Hukukun yalnızca akla uygun olması gerektiğini söylemekle yetinmemek, aynı zamanda vicdana da uygun olması gerektiğini vurgulamak gerekir. St. Augustine bize kanunun kağıt üzerindeki yazısının ötesine bakmayı hatırlatır: “Legal norms cannot be understood adequately without reference to the social action they regulate. An unjust law is a human law that is not rooted in eternal law and natural law.” Augustine’in ifadesi, hukukun yalnızca formel bir normatif çerçeve olmadığını, aynı zamanda insan yaşamını düzenleyen bir sosyal eylemler bütünü olduğunu ortaya koyar. Thomas Aquinas da benzer bir noktayı belirtir: “An unjust law is a law that is not a law in the true sense; for a law that is contrary to reason is no law at all.” Bu ifadeler, hukukun meşruiyetinin yalnızca yazılı kurallardan değil, akıl ve vicdanla uyumlu olmasından kaynaklandığını gösterir.
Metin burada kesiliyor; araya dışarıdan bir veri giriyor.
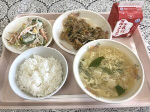 豚キムチ ごぼうサラダ チンゲンサイと卵のスープ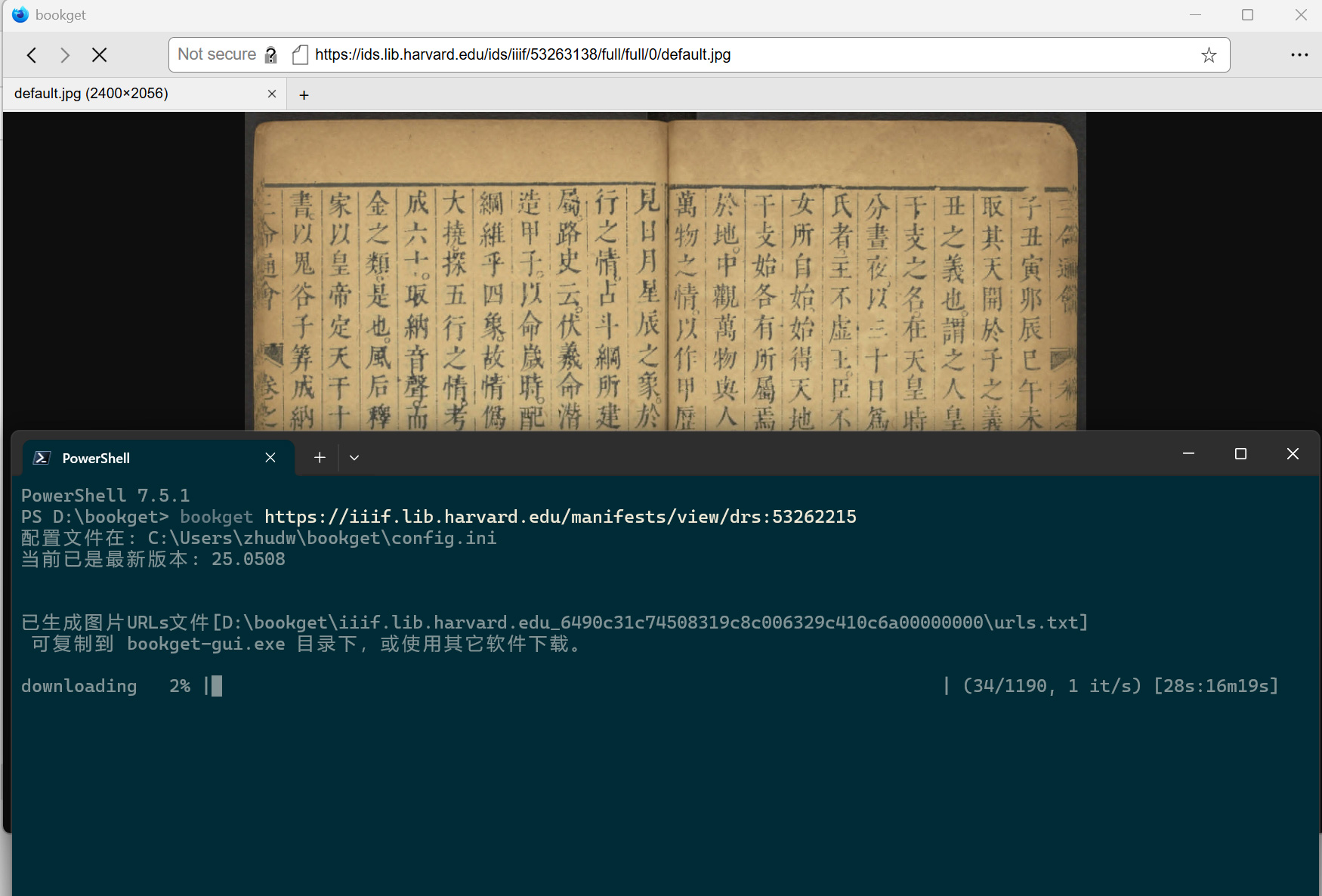 - 你需要观察 bookget 和 bookget-gui 两个窗口上的提示信息。bookget-gui 会不断切换图片URL显示到浏览器中。

Örneğin; yüreği soğutmayan, bireyleri topluma kazandırmayı amaçlamayan bir ceza hukuku veya zihinsel engelli ya da diğer dezavantajlı bireylerin eşitliğini gözetmeyen bir hukuk sistemini adaletli kabul etmek mümkün değildir. Martha Fineman, The Vulnerable Subject adlı çalışmasında, hukukun temel amacının toplumdaki en zayıf bireyleri korumak ve toplumsal bağları güçlendirmek olduğunu vurgular; bu yaklaşım, ceza hukukunun yalnızca cezalandırmaya değil, aynı zamanda toplumsal iyileşmeye hizmet etmesi gerektiğini ortaya koyar. Böylece hukukun, akıl ve mantığın ötesinde, vicdan ve etik değerlerle desteklenmesi zorunlu hâle gelir; aksi takdirde hukuk, hem kendi özündeki hem de bulunduğu toplumun nazarında meşruiyetini yitirir. Bu meşruiyetin yitirilmesi fevkalade sorunlara gebe hale getirir toplumu.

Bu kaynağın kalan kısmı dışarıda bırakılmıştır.